▶ [Required action] Pictures are to be left out. Return exactly the lines below from the one with "今天过来黄埔区丰乐北路蒸武门" up to and including the one with "リボンデザインポケットコーディガン T0403".

▶ [Data listing]
□ □ □ □ □
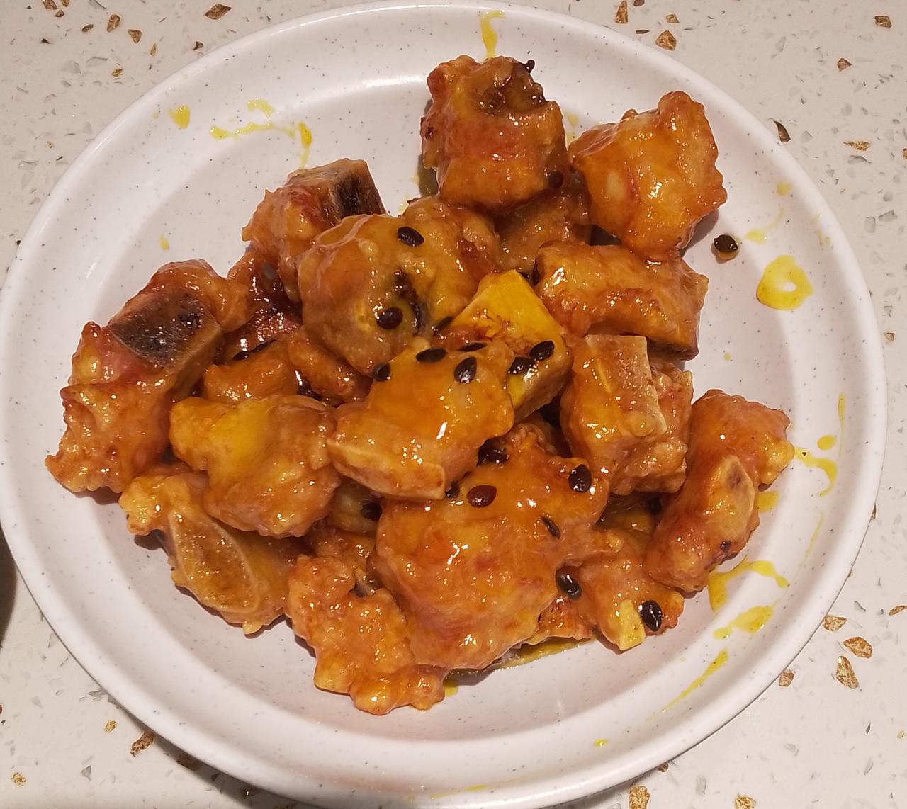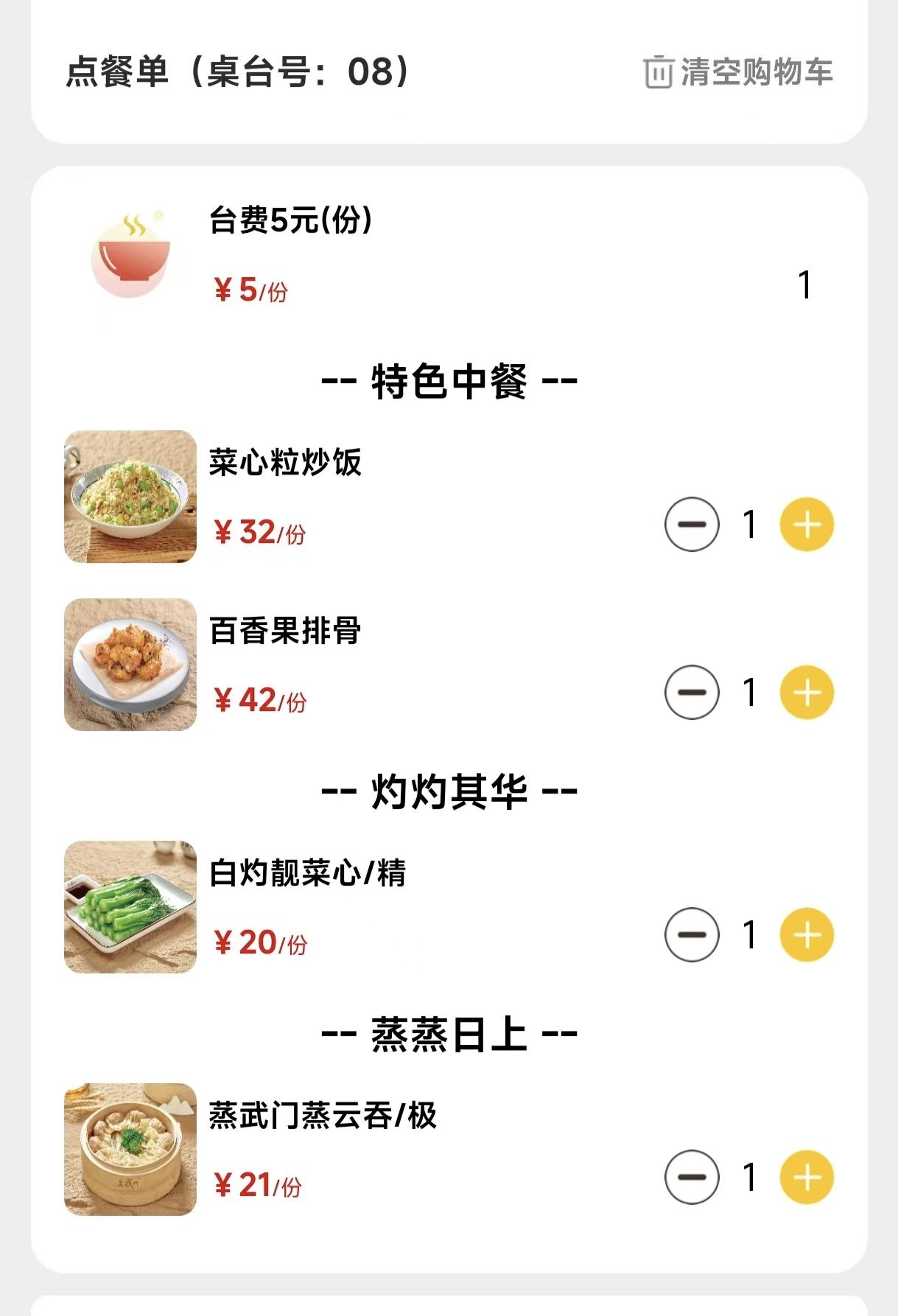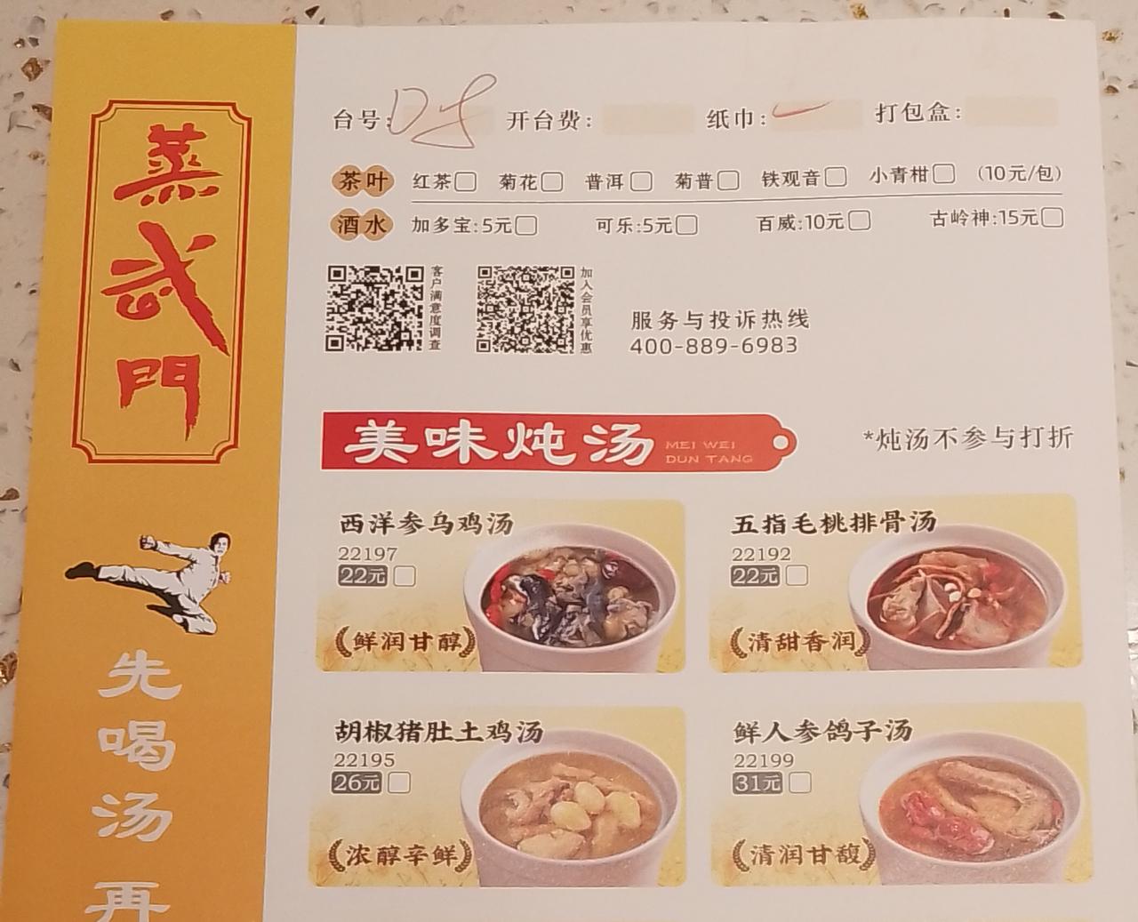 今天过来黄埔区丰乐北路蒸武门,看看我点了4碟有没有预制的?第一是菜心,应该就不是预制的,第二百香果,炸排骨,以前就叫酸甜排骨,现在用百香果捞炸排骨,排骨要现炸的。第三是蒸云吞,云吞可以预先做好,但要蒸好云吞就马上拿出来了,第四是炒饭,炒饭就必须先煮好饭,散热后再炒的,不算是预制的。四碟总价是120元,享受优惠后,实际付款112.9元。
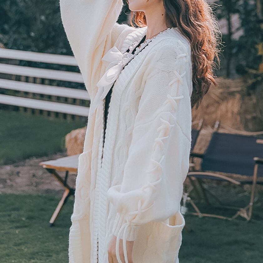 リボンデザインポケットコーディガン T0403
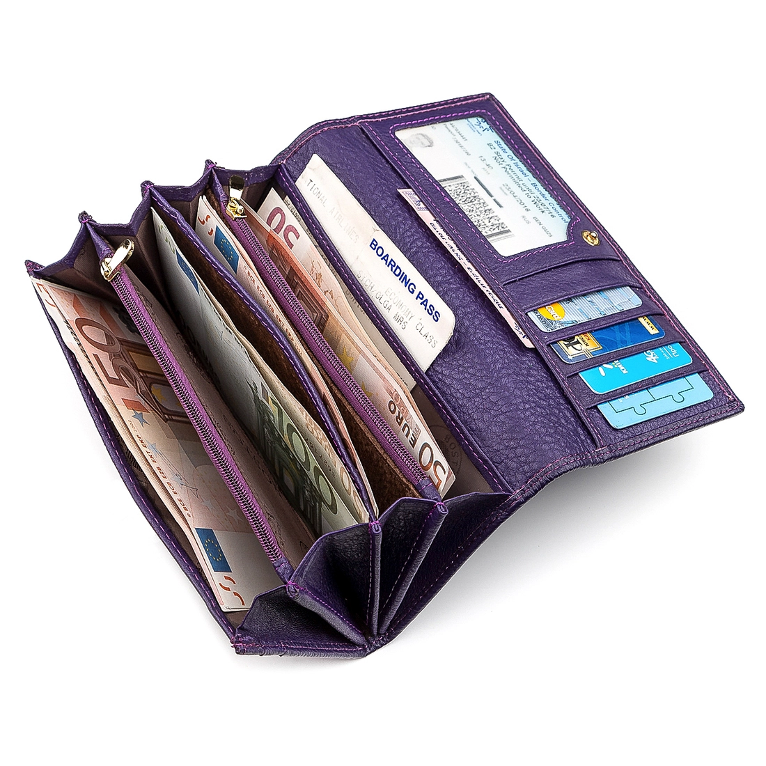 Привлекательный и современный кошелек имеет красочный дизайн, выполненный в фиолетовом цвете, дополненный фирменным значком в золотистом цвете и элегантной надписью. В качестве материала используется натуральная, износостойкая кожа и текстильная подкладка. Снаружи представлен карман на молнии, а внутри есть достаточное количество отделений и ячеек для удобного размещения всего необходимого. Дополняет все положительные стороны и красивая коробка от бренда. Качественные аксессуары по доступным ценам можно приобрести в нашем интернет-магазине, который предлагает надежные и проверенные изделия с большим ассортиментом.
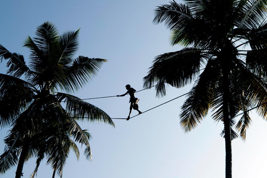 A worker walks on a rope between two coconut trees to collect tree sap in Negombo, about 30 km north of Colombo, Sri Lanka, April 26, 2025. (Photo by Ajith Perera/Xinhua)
□ □ □ □ □
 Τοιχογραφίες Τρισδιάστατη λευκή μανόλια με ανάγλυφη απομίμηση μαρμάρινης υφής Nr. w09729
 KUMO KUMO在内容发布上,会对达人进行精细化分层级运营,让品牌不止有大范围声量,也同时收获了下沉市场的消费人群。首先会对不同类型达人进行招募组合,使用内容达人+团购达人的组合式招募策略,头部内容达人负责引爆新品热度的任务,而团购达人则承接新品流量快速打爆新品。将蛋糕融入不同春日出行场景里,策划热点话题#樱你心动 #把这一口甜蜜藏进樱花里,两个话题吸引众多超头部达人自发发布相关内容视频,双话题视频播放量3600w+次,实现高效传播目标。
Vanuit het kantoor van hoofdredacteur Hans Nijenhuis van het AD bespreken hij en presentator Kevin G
□ □ □ □ □
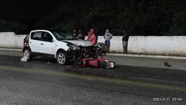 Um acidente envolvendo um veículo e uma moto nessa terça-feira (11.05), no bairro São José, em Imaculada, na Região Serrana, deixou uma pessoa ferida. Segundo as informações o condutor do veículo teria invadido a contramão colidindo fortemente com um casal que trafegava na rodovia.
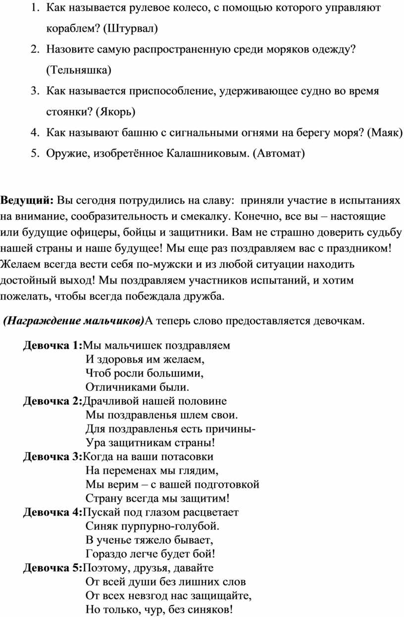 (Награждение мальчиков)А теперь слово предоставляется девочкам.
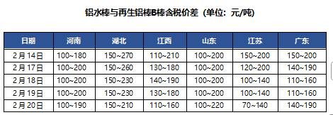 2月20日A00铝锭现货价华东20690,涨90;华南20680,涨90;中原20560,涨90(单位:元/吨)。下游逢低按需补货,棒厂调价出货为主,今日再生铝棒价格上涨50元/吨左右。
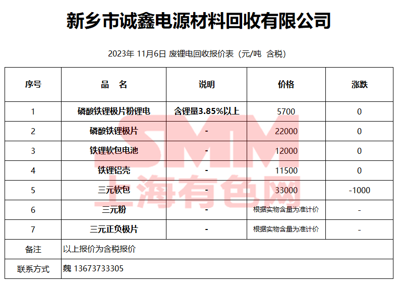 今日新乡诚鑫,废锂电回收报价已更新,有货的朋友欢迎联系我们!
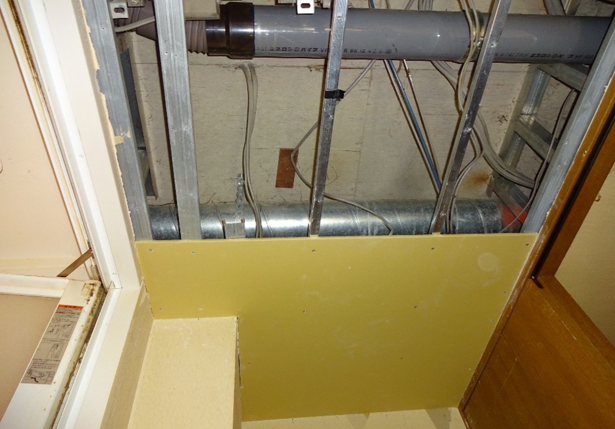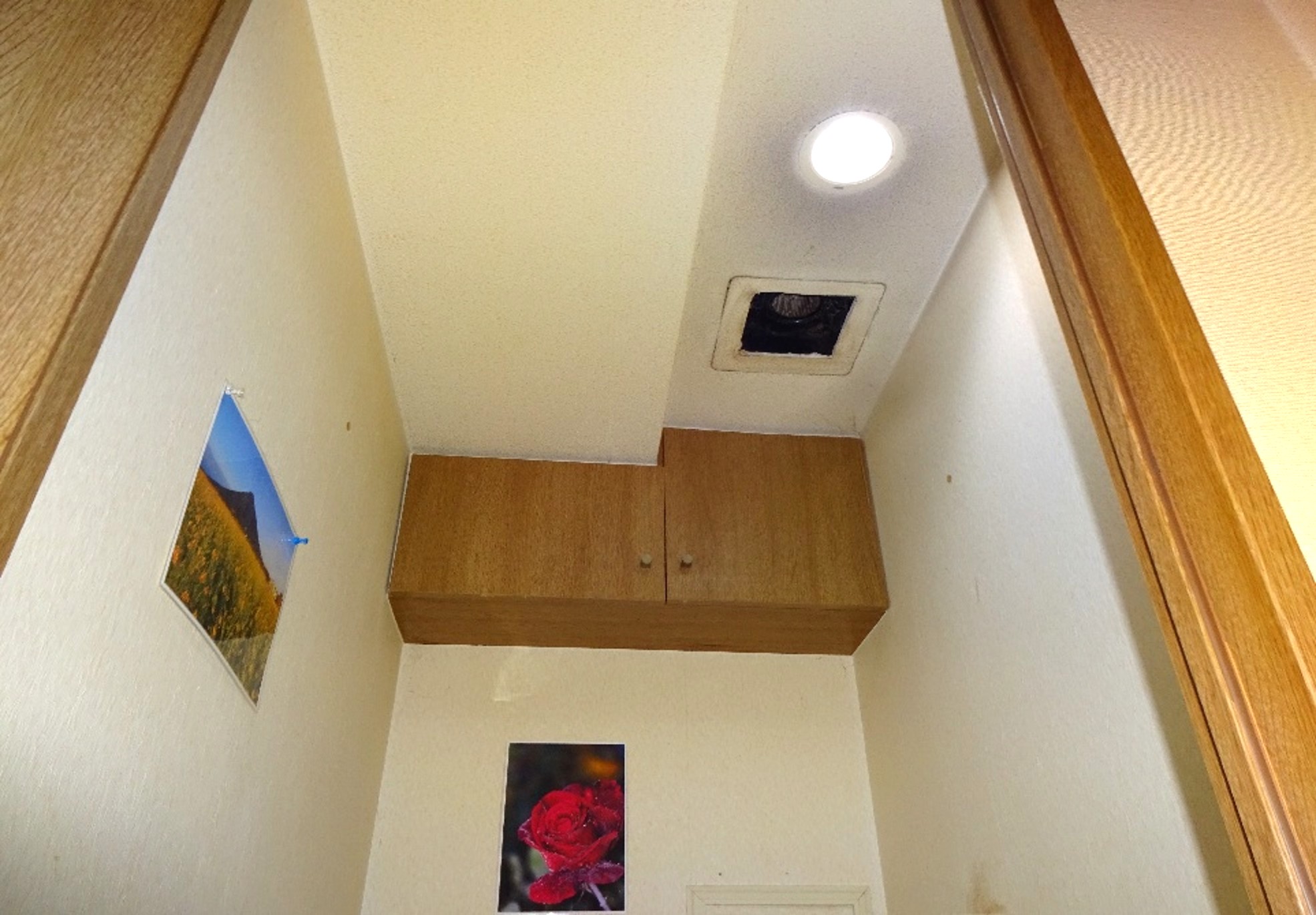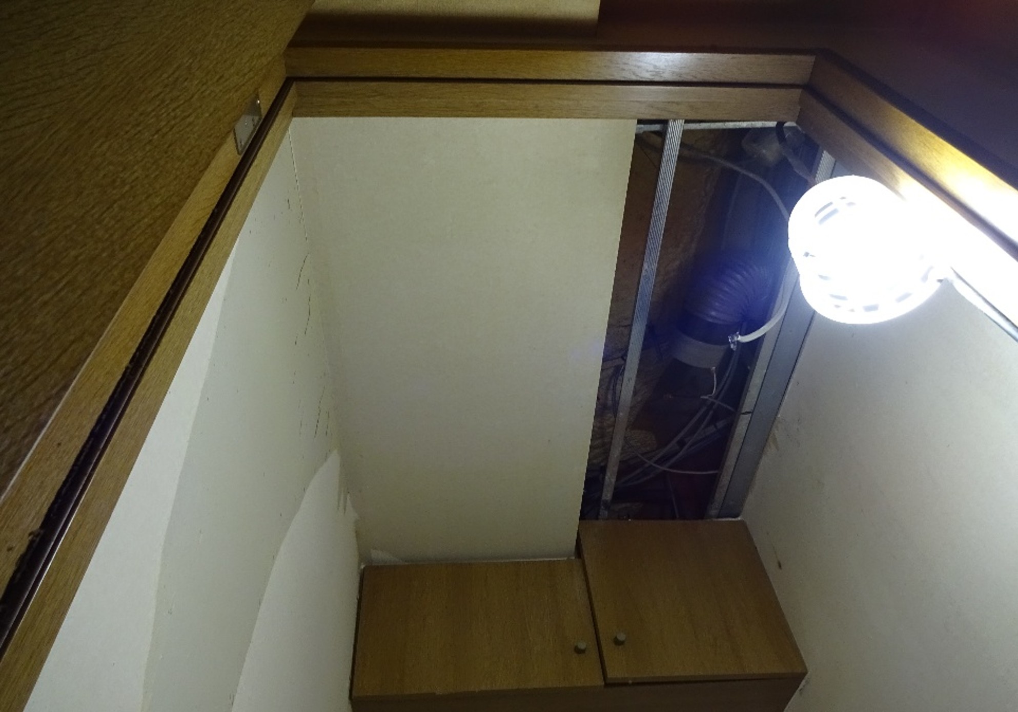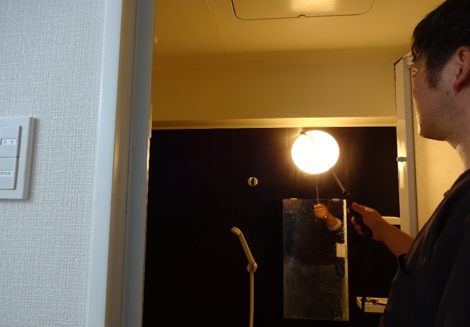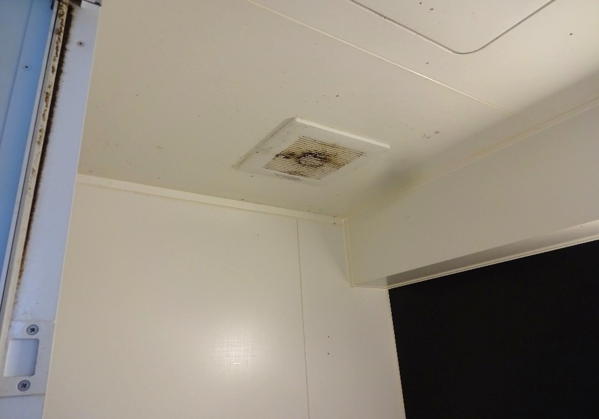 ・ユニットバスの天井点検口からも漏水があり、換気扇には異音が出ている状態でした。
□ □ □ □ □
▶ [Your solution]
 今天过来黄埔区丰乐北路蒸武门,看看我点了4碟有没有预制的?第一是菜心,应该就不是预制的,第二百香果,炸排骨,以前就叫酸甜排骨,现在用百香果捞炸排骨,排骨要现炸的。第三是蒸云吞,云吞可以预先做好,但要蒸好云吞就马上拿出来了,第四是炒饭,炒饭就必须先煮好饭,散热后再炒的,不算是预制的。四碟总价是120元,享受优惠后,实际付款112.9元。
 リボンデザインポケットコーディガン T0403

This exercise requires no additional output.